Return, exactly and in full, the lines of the records below starting at the one with "6月17日上午,距离中考还有" and ending at the one with "半年报中,显卡性能榜并无较大变化,依旧是NVIDIA GeForce RTX", and no other lines.
*** Working data ***
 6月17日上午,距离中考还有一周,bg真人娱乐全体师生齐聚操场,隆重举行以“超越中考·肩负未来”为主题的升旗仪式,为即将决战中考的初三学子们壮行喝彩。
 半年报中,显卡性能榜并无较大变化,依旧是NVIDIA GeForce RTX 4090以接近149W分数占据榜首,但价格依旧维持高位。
*** End of Working data ***
*** Working data ***
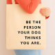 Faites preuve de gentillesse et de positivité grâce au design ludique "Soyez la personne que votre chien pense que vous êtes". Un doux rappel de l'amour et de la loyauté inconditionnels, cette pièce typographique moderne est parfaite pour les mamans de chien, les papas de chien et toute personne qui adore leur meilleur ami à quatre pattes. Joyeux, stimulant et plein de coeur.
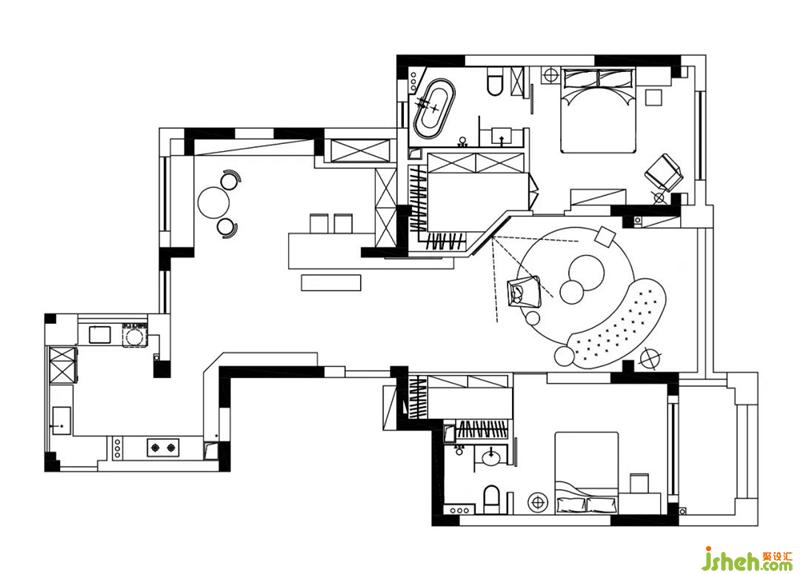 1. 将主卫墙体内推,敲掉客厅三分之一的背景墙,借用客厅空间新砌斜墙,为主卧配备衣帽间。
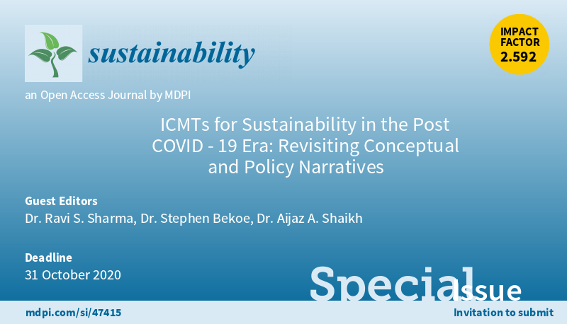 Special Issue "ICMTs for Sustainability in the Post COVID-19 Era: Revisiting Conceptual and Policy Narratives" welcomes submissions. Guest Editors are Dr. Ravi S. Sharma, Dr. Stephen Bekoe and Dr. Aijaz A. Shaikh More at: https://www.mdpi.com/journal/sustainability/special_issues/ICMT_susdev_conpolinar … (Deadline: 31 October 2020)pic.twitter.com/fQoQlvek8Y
*** End of Working data ***
▶ Answer section:
 6月17日上午,距离中考还有一周,bg真人娱乐全体师生齐聚操场,隆重举行以“超越中考·肩负未来”为主题的升旗仪式,为即将决战中考的初三学子们壮行喝彩。
 半年报中,显卡性能榜并无较大变化,依旧是NVIDIA GeForce RTX 4090以接近149W分数占据榜首,但价格依旧维持高位。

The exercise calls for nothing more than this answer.